Besides planted nature aquarium I have for a long time been interested in biotope aquaria.

Recently I have been thinking that it might be a future idea for UKAPS to add a section on biotope aquascaping. I am aware that the focus of UKAPS is on the planted aquarium, and since many (true) biotopes do not in fact have plants, it may fall outside its remit.

Yet I feel that, even if founded in a different philosophy, biotopes offer an equally great challenge for the aquascaper. Too often biotope aquaria proceed with no aestethic purpose. This is true for the set-up as such, but also for the external equipment.	

One might say, of course, that thinking about aesthetics in a biotope aquarium is somehow contradictory. I dont think so, necessarily. I think it is possible to create something that is aesthetically convincing as well as biotopically correct. In some of his previous work, George Farmer has shown some great examples of this. Currently I have a Sulawesi shrimp set-up, which is just a lot of stones spread over the surface. Sounds dull, but to me it is very visually appealing.

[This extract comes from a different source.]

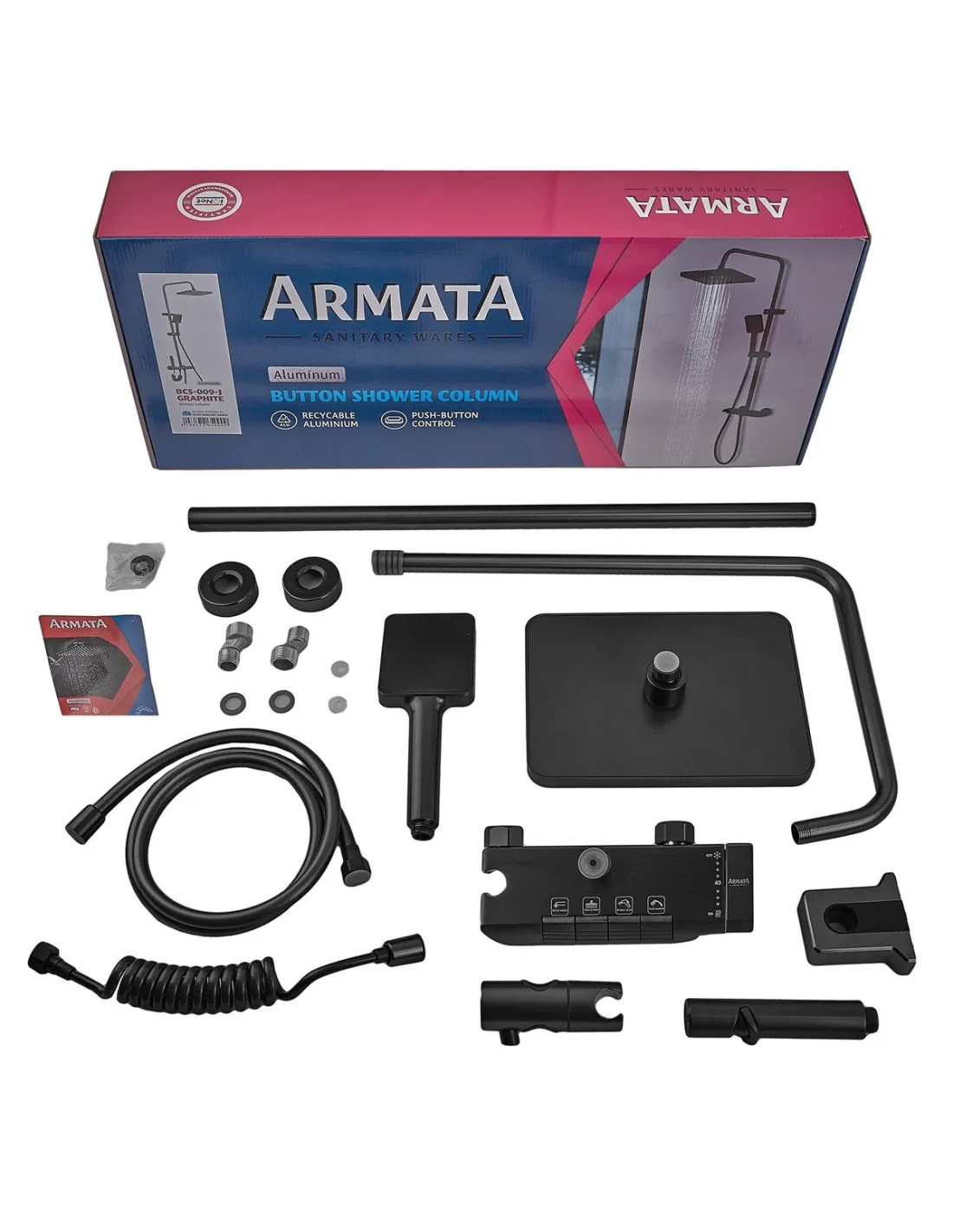 Душевая система Armata BCS-009-J Black с кнопочным переключателем и 4 режимами оснащена верхним душем и гибкой ручной лейкой, что обеспечивает удобство и функциональность при использовании в ванной комнате. Душевую систему можно установить на стену – настенный монтаж. Изготовлена из алюминия с черным матовым покрытием, долговечна и надежна в эксплуатации. Все крепления выполнены со стандартным резьбовым соединением 1/2 дюйма.

Anyway, just something to consider for the future. Any thoughts are welcome.

Thomas


----------



## NanoJames (17 Jun 2013)

I would certainly look through a biotope section! If there is a fish section and an invert section, I don't see why there can't be a biotope section!


----------



## George Farmer (17 Jun 2013)

I think this is an excellent idea. I'll discuss it with the admin/mod team.


----------



## BigTom (17 Jun 2013)

Lee Nuttall posts some lovely central American biotopes over on BCA.


----------



## Greenview (17 Jun 2013)

I agree, I would really love to see a section on biotopes.


----------



## TOO (17 Jun 2013)

BigTom said:


> Lee Nuttall posts some lovely central American biotopes over on BCA.


 
I agree. Lee Nuttall's work precisely captures the idea.

Glad that people like the suggestion. Thanks for the feedback.

Thomas


----------



## tim (17 Jun 2013)

I think this is a great idea, biotopes and even some loose biotopes can be some of the most relaxing scapes.


----------



## nayr88 (18 Jun 2013)

+1 from meh


----------



## killi69 (18 Jun 2013)

Yes, it would be great to see more biotopes on here.  Even ones that are 'so aquascaped' that they are no longer an 'authentic representation' of an actual habitat yet still beautifully show off plants and fish from one region.


----------